Ветер спешно тащил куда-то прочь с горизонта обрывки грязных облаков, уныло подвывая в проводах. А в нашем гараже было тепло, людно и все располагало к беседе старых знакомых.
Неспешная беседа свернула на морские легенды, приметы, суеверия… Обстановка располагала, да и программы телевидения этому способствовали. Подкидывали призраки старых тайн. Пошли в ход Огни Святого Эльма, Летучий Голландец, громадные фосфоресцирующие кракены, вдруг всплывавшие у борта корабля, ночные стуки морзянкой в борта подлодки на глубине, огни в каютах на давно заброшенных и обесточенных кораблях… б-р-р! Мороз по коже! Как раз – к ночи! Рассказы будоражили воображение, разыгравшееся до холодных мурашек. А сейчас еще Палыч кое-что вспомнил к теме и вдруг сказал:
– А дело было так – сказал Егоркин и замолчал, делая садистскую паузу.
– Слушайте, это уже стало нехорошей традицией! Просто-таки психиатрическим симптомом! – возмущенно проворчал доктор Рюмин.
Командир атомной лодки Бардин бросил в него куском замши, которой он старательно протирал стекло своей машины – заткнись, мол, пожалуйста!
Но об этом Палычу лучше было бы не напоминать! А то будет еще хуже! Есть в жизни такие индивидуи, что… Да и привыкли к его выходкам давным-давно. А сейчас все поняли, что будет нечто интересное! Вот это – когда интересно, любили все, пусть его, даже если врет!
Слушатели внутренне напряглись и приготовились внимать очередному рассказу Александра Павловича. Над крышей завывал ветер, гремел где-то оторванным листом железа, бросая горсти ледяной крупы в стальную дверь.
А здесь было по-домашнему уютно. В печке весело потрескивали сосновые дрова, пахло хвоей и смолой. Слабый аромат березовых и дубовых веников, висящих в дальнем углу, над верстаком. Напоминал об ушедшем лете. Шум непогоды за стенами создавал особое, романтическое настроение, что еще больше располагало к мужской задушевной беседе.
Аккуратно в это время – ни раньше, ни позже – на столе весело забурлил, подпрыгивая от нетерпения, закипевший чайник и приглашающе щелкнул автоматическим выключателем. Заварка уже давно настаивалась возле печки: несколько сортов чая, плюс травы, плюс… Короче, какой-то «секретный» рецепт Егоркина, с которым он ни с кем не делился даже в состоянии веселого подпития. Знаем мы эти рецепты! Обычно это эвристическая смесь из всего того, что в данный момент есть под рукой. И это – как повезет – бывает очень удачно, а бывает и так себе! но зато загадочности и самомнения – хоть отбавляй!

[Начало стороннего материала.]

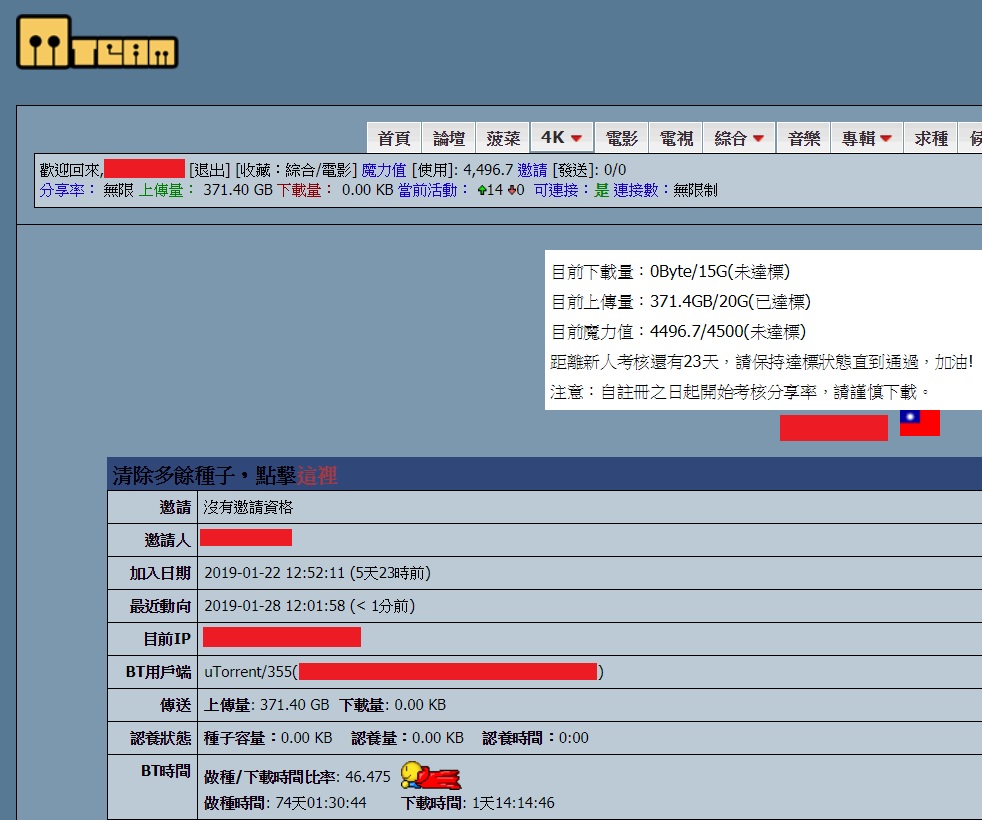 上禮拜二(1/22)才在本論壇由熱心網友發送的M-TEAM邀請碼,也要過關了 ↓發文連結在此 引用:

Все присутствующие потянулись к своим стаканам и кружкам. В сахарнице был кусковой сахар. Как знаток и ценитель чая, Палыч предпочитал исключительно его, если было из чего выбирать. Иногда он умудрялся доставать даже колотый сахар, забытый ныне напрочь. Скажите, кто когда в последний раз его видел, формованный в особые белые конусы, сияющие, как ледяные горные вершины? Ну, то-то!
А Егоркин где-то брал, до последнего времени! Но это уже не для нас, а для гурманов из ближнего круга. На тарелочках теснились галеты и сушки, леденцы. Шла мирная беседа, завершающая долгий рабочий день.
Палыч был записным хозяином «кают-компании», «мужского клуба», а попросту – помещения в задней части его здоровенного гаража, стилизованного под «морскую ностальгию». Её называют иногда «Стена плача», потому, что там собирают памятные, дорогие сердцу вещи.
В этой выгородке был настоящий бронзовый иллюминатор со старого корабля, с подсветкой (). А за его стеклом был виден пиратский бриг под полным ветром. Там же висели часы в форме штурвала, а вместо цифр были фотографии старинных друзей Егоркина. Подвешенная к потолку (здесь упрямо говорили: «к подволоку») маленькая, точенная из бронзовой болванки, рындочка с гравировкой «Палыч», вместо имени корабля, отбивала время заседаний. Впечатление дополняли картины с морскими пейзажами, раковины, фотографии кораблей и тому подобные атрибуты. Народ, в смысле – друзья, соседи и знакомые Палыча, собирался здесь частенько. Обстановка обычно располагала…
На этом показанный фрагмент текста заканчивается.